Terminator's answer is a selector grammar that combines accessibility metadata with geometry. The most distinctive piece of that grammar is five spatial prefixes that nobody else in the SERP mentions.
“const NEAR_THRESHOLD: f64 = 50.0;”
crates/terminator/src/platforms/windows/engine.rs line 1815
Five prefixes, one grammar
Each spatial prefix wraps an anchor selector. The parser at crates/terminator/src/selector.rs maps the prefix onto a variant of the Selector enum. The anchor can be any other selector, including combinators like &&, ||, and process scope.
rightof:
Returns elements whose left edge is at or past the anchor's right edge, sharing vertical overlap with the anchor. Sorted by distance from the anchor center. Ideal for 'the input right of the Email label'.
leftof:
Symmetric to rightof:. Candidate's right edge at or before the anchor's left edge, with vertical overlap. Use for breadcrumb selectors and back/forward pair buttons.
above:
Candidate sits above the anchor with horizontal overlap. Use to find the header label that describes the focused input, or the toolbar button stacked directly on top of a cell.
below:
Candidate sits below the anchor with horizontal overlap. Use to walk down a column of rows under a header, or to find the dropdown list that opens under a combobox.
near:
Candidate is within 50 pixels of the anchor center by Euclidean distance. The only spatial selector with a numeric threshold. Use when direction is unimportant and proximity is the whole signal.

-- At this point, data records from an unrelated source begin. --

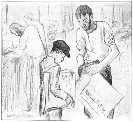 Blanofsky shook his head, and was about to speak of Tolstoy, whom he regarded as the great interpreter of genuine anarchy, when he was interrupted by the approach of a young man and a young woman who had just entered the café. Sabina, as she was familiarly known to the faithful, dark and slender, with very large, emotional eyes and a mobile mouth, had just come from her lecture to a crowd of workingmen, to whom she had spoken eloquently of their right to lead a life with greater light and beauty in it. The emotions expressed by her eloquence, and stirred by it, still lay in her deep eyes as she entered the café. Her companion, who had walked with her from the lecture, was a young poet, whose words followed one another with turbulent energy. His head was set uncommonly close to his compact, stout shoulders, seeming to have a firmer rest than usual on the trunk, and thus better to support the strain of his thick-coming fancies. His habitual attitude was to hold his 302 closed fist even with his shoulder, and punctuate with it the transitions of his thought. Even in winter the perspiration rolled down his face as he spoke, for thought with him was intense to the point of pain. He was the perfect type of the intellectual debauchee of the Russian-Jewish colony. He drank nothing but tea and coffee, but within him burned his ideas. He made his living by writing an occasional poem or article for a Yiddish paper, and when he had gathered together a few dollars he repaired again to the cafés, seeking companions to whom he could confide his exuberant thoughts, which were always expressed in poetic images. He slept whenever and wherever he was tired, but he slept seldom, and unwillingly. Unrest was his quest and unhappiness his dearest consolation. The type of his mind was as Russian as his name, which was Levitzky. The girl looked and listened to him, fascinated. They sat down at the table with the others, and while the waiter was bringing their tea and lemon, Levitzky continued his discourse: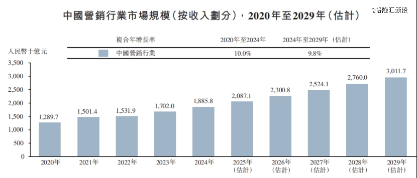 根据弗若斯特沙利文的资料,2024年,中国营销行业市场规模为1.89万亿元,预计2029年增至3万亿元,2024年至2029年的复合年增长率为9.8%。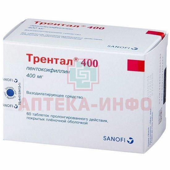 Внутрь, проглатывая целиком, во время или сразу после приема пищи, запивая достаточным количеством воды. Дозировка устанавливается врачом в соответствии с индивидуальными особенностями больного. Обычная доза 1 таблека препарата Трентал 400 2 или 3 раза в сутки. Максимальная суточная доза 1200 мг. У пациентов с нарушенной функцией почек (Cl креатинина ниже 30 мл/мин) дозировка может быть снижена до 12 таблетки в сутки. Уменьшение дозы, с учетом индивидуальной переносимости, необходимо у пациентов с тяжелым нарушением функции печени. Лечение может быть начато малыми дозами у пациентов с низким АД, а также у лиц, находящихся в группе риска ввиду возможного снижения АД (пациенты с тяжелой формой ИБС или гемодинамически значимым стенозом сосудов головного мозга). В этих случаях доза может быть увеличена только постепенно.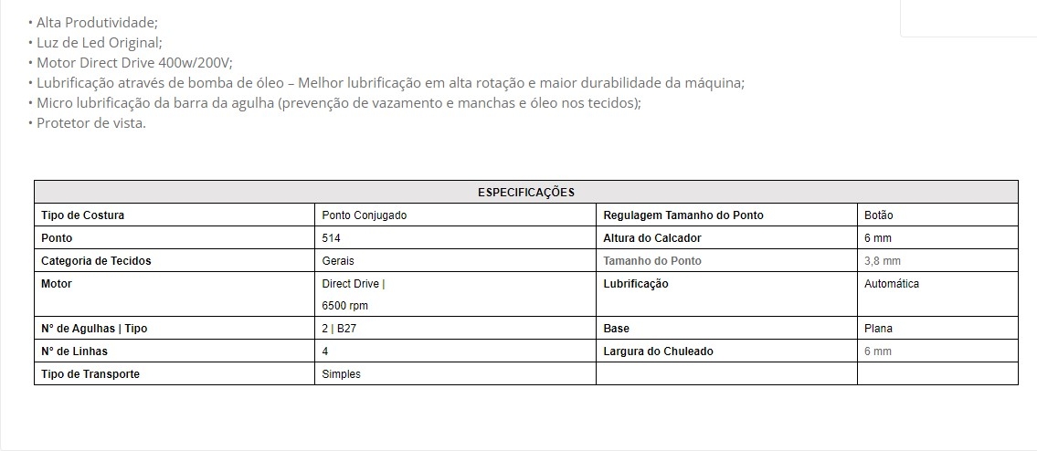 * Micro lubrificação da barra da agulha (prevenção de vazamento e manchas e óleo nos tecidos);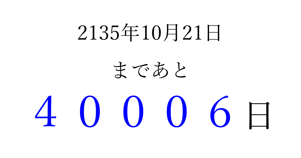 2135年10月21日(金)まで あと 99999 日です 追加すると、トップページからすぐ選べるようになります ※2026/04/09現在の結果です。 最新の状態に更新する ↓シェアして、タイムライン上にカウントダウンを表示しよう!↓ 📤 この結果を共有する Tweet シェア Threads Bluesky 別の日付でカウントダウン 2135年10月のカレンダー このページをブックマークに追加すると、いつでもカウントダウンを確認できます。 (PC: Ctrl+D / Mac: ⌘+D) hitome-notes.comでは以下のページも運営しています。 指定日と期間から日付を計算 | ガチャ確率計算・シミュレーション | プライバシー・ポリシー 運営者:Avocado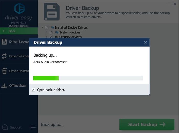 Nhấn vào mục Mở thư mục sao lưu để khi quá trình sao lưu hoàn tất, tiện ích sẽ tự động mở thư mục chứa các bản sao lưu Driver.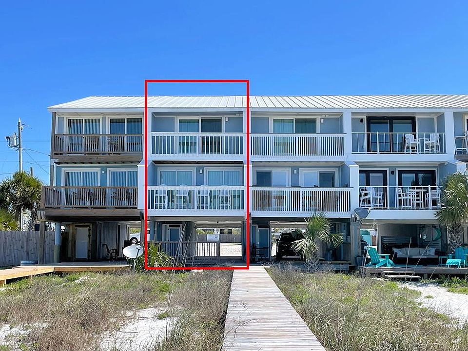 GULF FRONT 3BR/2.5BA townhome in St. Joe Beach. This home was completely redone after Hurricane Michael. Everything is new including framing, sheetrock, paint, floors, stainless appliances, custom cabinets, quartz counters, toilets, showers, wood ceilings, HVAC, decks & siding. With 1501 sq ft living space, the open floor plan features fabulous gulf views from the living, dining and kitchen areas. A gulf front deck provides a great place to enjoy the views and sunsets. A guest bedroom & half bath complete the first living level. The second level boasts a gulf front master bedroom with a large private bath, a second guest bedroom and guest bath. The master bedroom also enjoys a private gulf front balcony to share gorgeous views & sunsets. The master bath features a large vanity, shower and large closet. Easy beach access via boardwalk!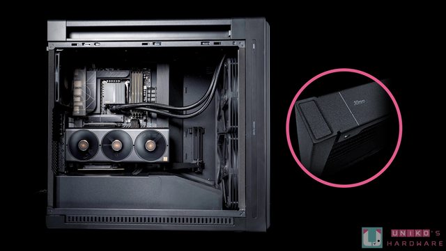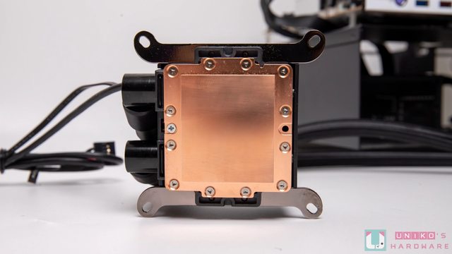 本體外觀 水冷頭有著方正的外型,尺寸是 78 x 78 x 49 mm,鋁製波浪造型上蓋增添視覺豐富度, 中間還有一條鍍鋁鏡面 LED 指示燈,可透過 Armoury Crate 軟體自定義燈效,左邊以金色 標示刻度及 ProArt Logo。水冷頭的下方有一條 4-pin PWM 風扇供電連接線,和一條 USB 2.0 9-pin 連接線。 高效能 3 相馬達幫浦提供穩定的散熱能力,轉速為 3,000 ± 10% RPM,運作也相當安靜 ,陶瓷油封軸承則帶來優異的耐磨性與耐溫性。底部方形大銅底採外凸設計,出廠時已預塗 散熱膏,內側為沒入式鰭片散熱板,能透過鰭片近距離接觸以提供更佳的熱傳導。 水冷排尺寸為 456 x 140 x 30 mm 加厚的鋁製冷排具有更大的水冷液儲存容量,進一步增 強散熱效能,450 mm 的編織網水冷管讓使用彈性與機殼相容性更佳。 https://i.imgur.com/NLqV1zt.jpg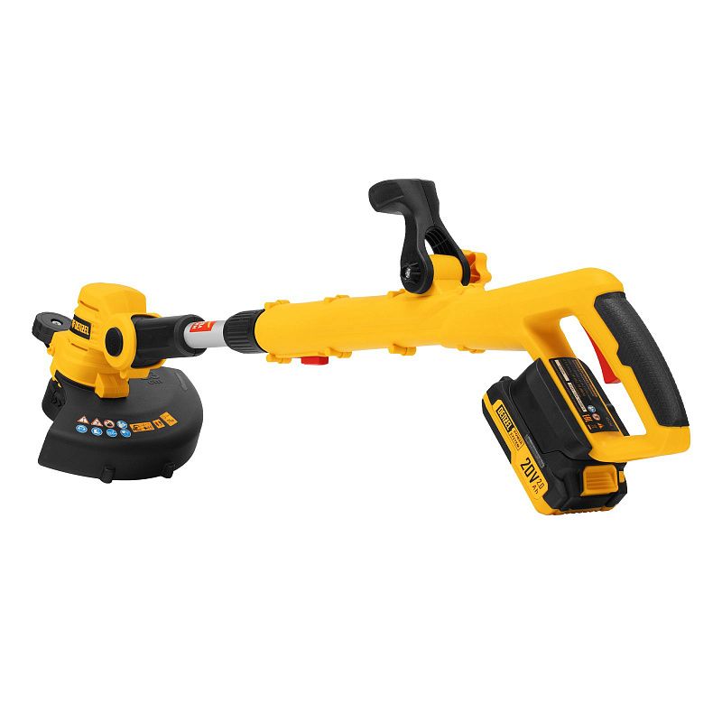 Аккумуляторный триммер Denzel GT-230 58701 предназначен для скашивания травы и сорняков, ширина скашивания составляет 230 мм. Работает от аккумулятора Li-Ion 20 В (универсальная платформа Denzel Power System), благодаря чему позволяет свободно перемещаться по участку. Аккумулятор Li-Ion без эффекта памяти допускает подзарядку без потери емкости, обеспечивает стабильную работу в течение длительного времени. Триммер предназначен для бытового использования, будет полезен владельцам дачных участков.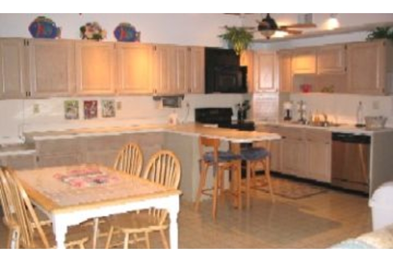 The living area in this unit has large windows to enjoy the view and comfortable furnishings. There are three TV's, a VCR, and a DVD player in the home. The floor plan in open and spacious. The master bedroom has a king bed, and a private bathroom. The second bedroom also has a private bath and boasts a queen bed. The third bedroom has two twin beds. The kitchen has an open feeling and has a dishwasher. This home has a washer and dryer and a gas grill. There is a bait table and a bait freezer also.Surrounding Description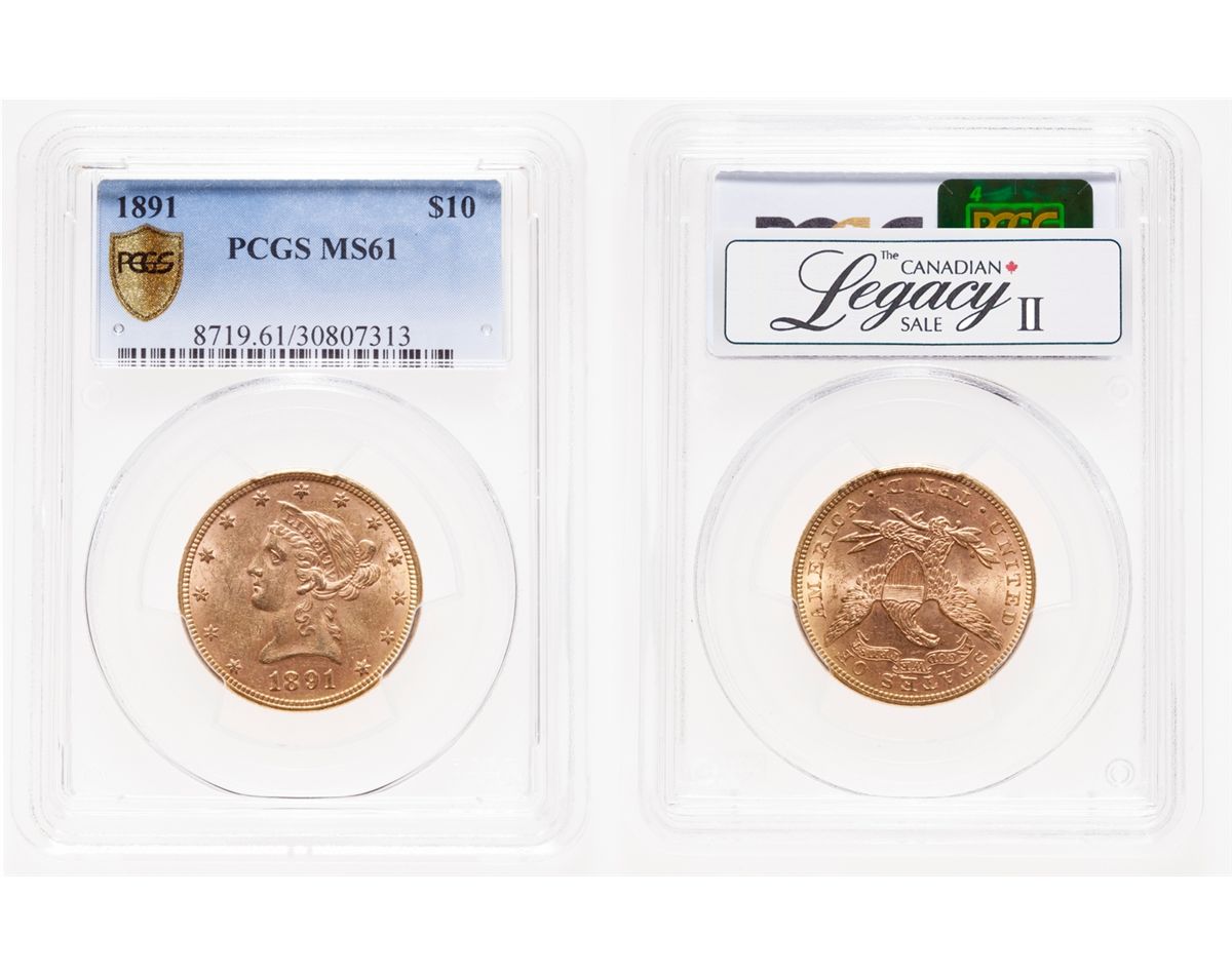 $10 Gold. 1897. 16.718g, .900, 0.48375oz AGW. PCGS graded Uncirculated-61.
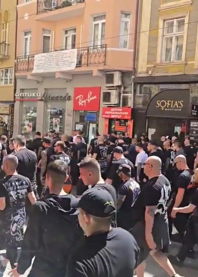 A large group of men are walking down a city street. Most of them are wearing black t-shirts and black caps. Some of the t-shirts have skull designs on the back. The men are walking past shops and buildings, including a Ray-Ban store and a boutique called “Sofia’s.” There are police barriers visible in the lower left of the frame. The overall impression is of a march or demonstration.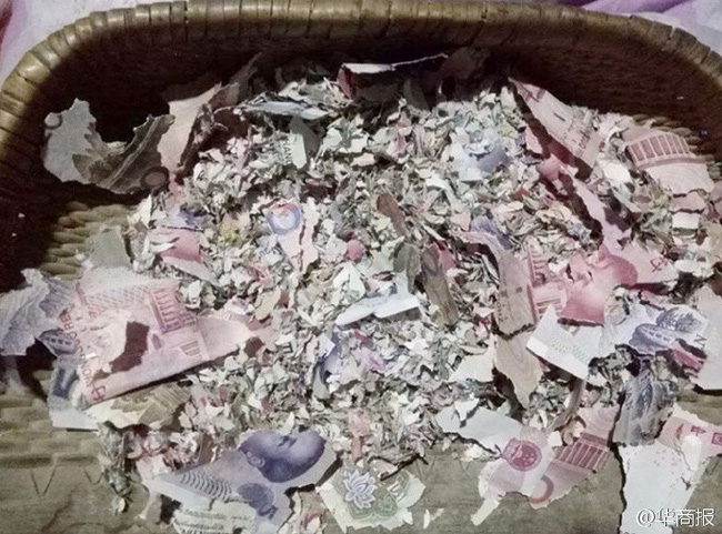 Một người phụ nữ tại Thiểm Tây, Trung Quốc đã bí mật mang số tiền dành dụm bao năm của mình giấu trong thùng thực phẩm dưới bếp. Bẵng đi một thời gian, đến gần đây bà có việc cần dùng nên đã lôi số tiền này ra thì sốc nặng khi tất cả chỉ còn là mớ giấy vụn. Nguyên nhân là do lũ chuột đã cắn nát số tiền đó thành những mảnh vụn nhỏ khiến bà vô cùng xót xa.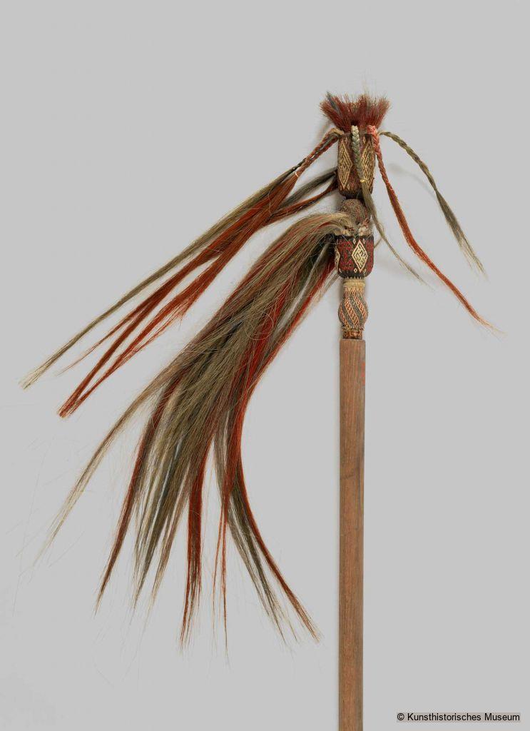 Tulgars with horse tails were ancient Ottoman symbols denoting social rank; the Turks had brought them with them when they emigrated from their Central-Asian homeland. Part of Archduke Ferdinand’s Turkish booty, this one may have been used during his “Hussars’ tournaments”. The shape and number of horse tails denoted the rank of an Ottoman dignitary. They were placed in front of his tent and accompanied him when the army was on the march. The Sultan was accorded seven or even nine horse tails as a symbol of his authority.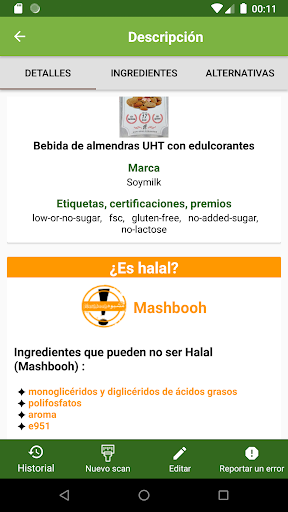 ✦ Para cada producto escaneado, tiene una lista de productos Halal alternativos, o similares, y dónde encontrarlos.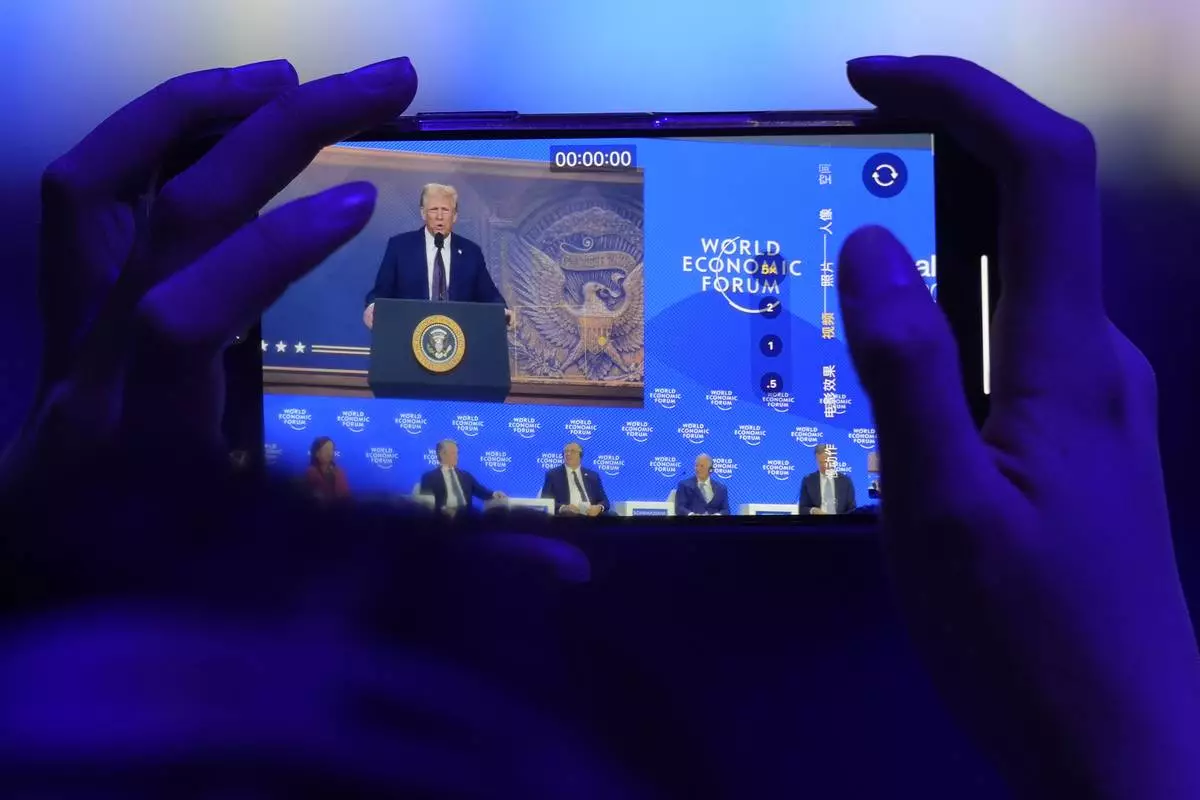 A woman takes pictures during a virtual speech of U.S. president Donald Trump at the Annual Meeting of World Economic Forum in Davos, Switzerland, Thursday, Jan. 23, 2025. (AP Photo/Markus Schreiber)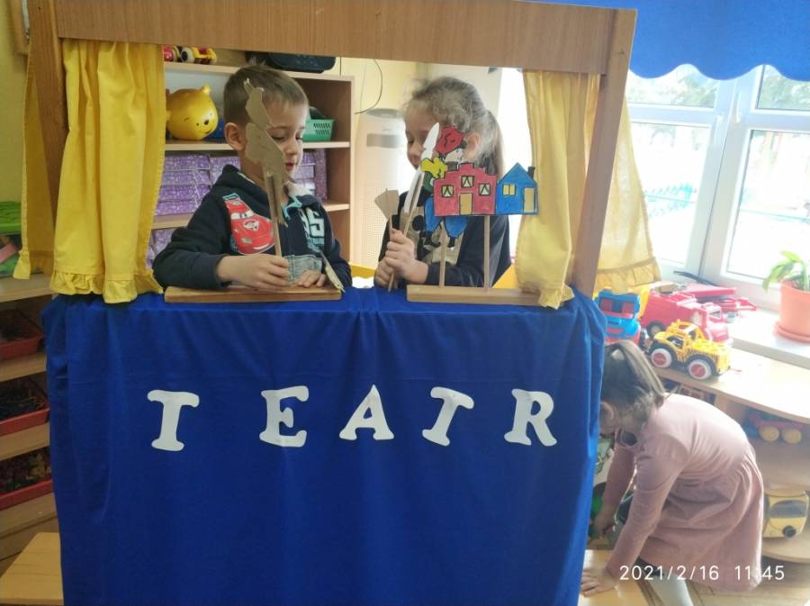 W ramach innowacji pedagogicznej "Baśniowe Królestwo" , a także tygodnia związanego z teatrem zorganizowano dzieciom teatrzyk sylwet pt. "Kopciuszek". Zaproszono również dzieci z gr. VI by i one mogły zapoznać się z losami Kopciuszka. Zajęcia przeprowadziła Renata Janusz.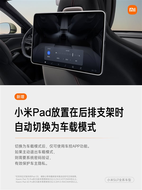 新增自动切换车载模式功能,小米Pad放置在后排支架时,自动切换为车载模式,切换为车载模式后,仅可使用车控APP功能。如果主动退出车载模式,则需要系统密码验证,有效保护车主隐私。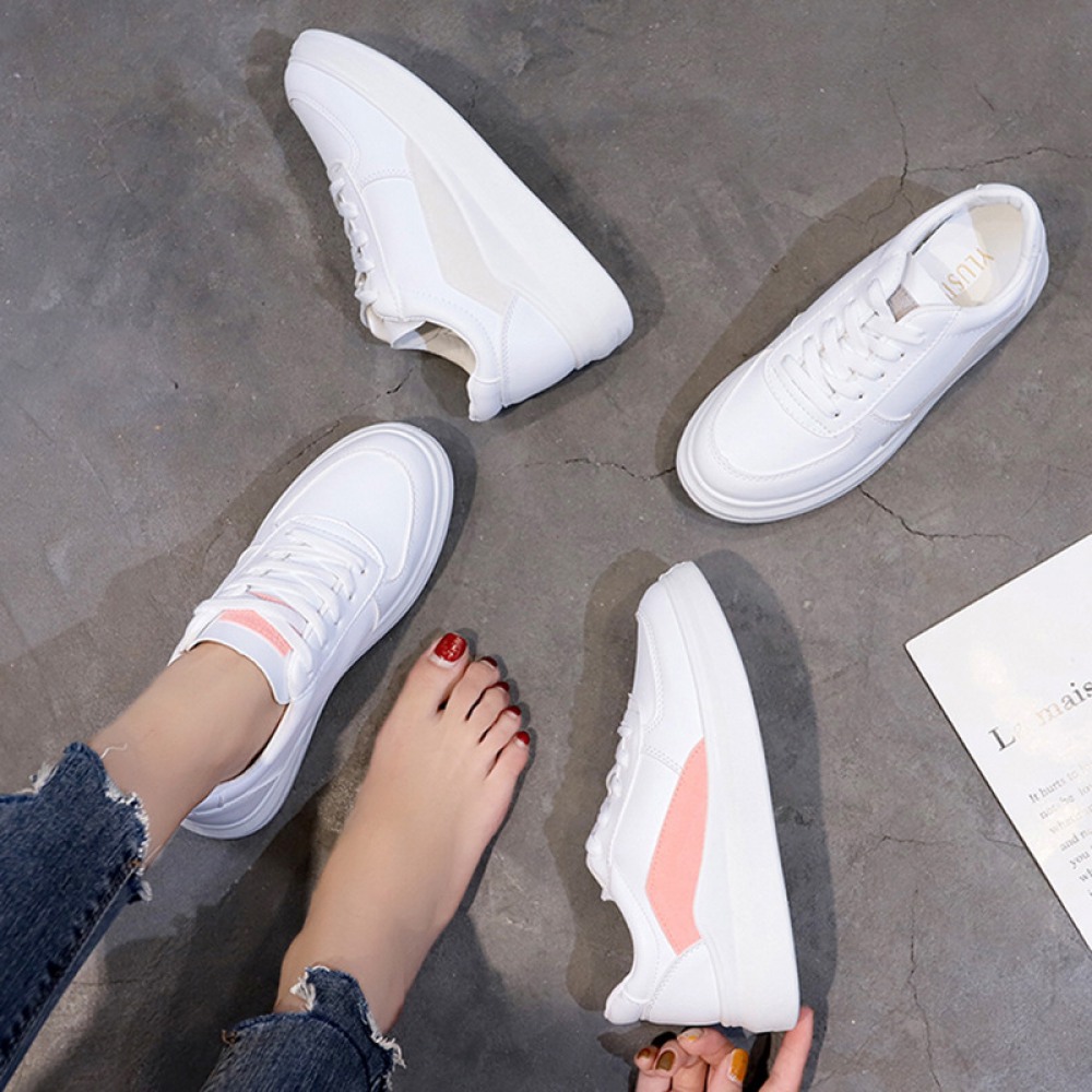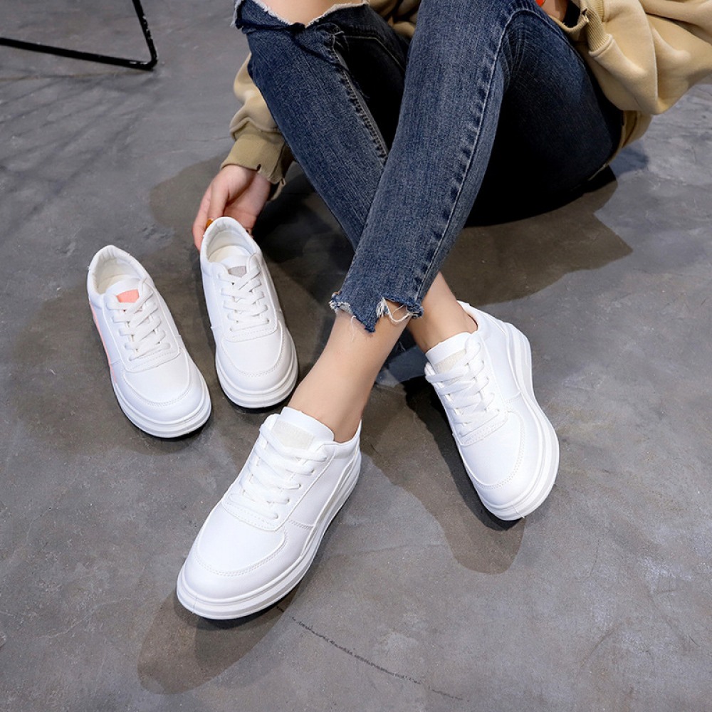 Spring New White Shoes Female Leather Student Shoes Female Running Flat Shoes Casual Shoes

Composable with the rest of the grammar
The inner selector of a spatial prefix can be any selector: role, name, id, chain, and, or, not. Spatial selectors chain with process:, >>, and the rest of the language without special syntax.
How a spatial selector resolves
The call flow for a single rightof:name:Email lookup. The SDK posts one selector. Under the hood the Windows engine does four things, each in a specific order.
rightof:name:Email under the hood
The selector grammar, verbatim
The parser is nineteen lines of pattern matching on lowercase prefix strings. Every entry produces a typed variant of Selector, so the rest of the engine does not have to do string sniffing later.
The geometry filter, line by line
Inside the Windows engine, the filter is a single match on the selector variant. Each arm is a pair of inequalities. The near: arm is the only one with a numeric constant, and that constant is the anchor fact of this whole page.
The overlap rule is why rightof: does not return the wrong row
A plain "candidate is to the right of anchor" test would return every element on the screen whose x coordinate is larger than the anchor's, including buttons four rows down the form. That is useless. The fix is two lines of geometry.
vertical_overlap is defined as candidate_top < anchor_bottom && candidate_bottom > anchor_top. The candidate's vertical range must overlap the anchor's. That is the interval-overlap test, applied to y coordinates. Only when that passes do we check whether the candidate's left edge sits at or past the anchor's right edge.
The horizontal overlap rule is the mirror image, used by above: and below:. Together the two rules let you say "the label directly above this input" without having to measure coordinates yourself.
Anchor, filter, rank, return
An animated beam diagram of the four stages. Inputs flow from the SDK call into the Windows engine hub, and the hub emits results.
What the code looks like
The spatial selectors live in the same string grammar you already use for role, name, and id. That means every SDK (TypeScript, Python, Rust) and every MCP tool call inherits them automatically.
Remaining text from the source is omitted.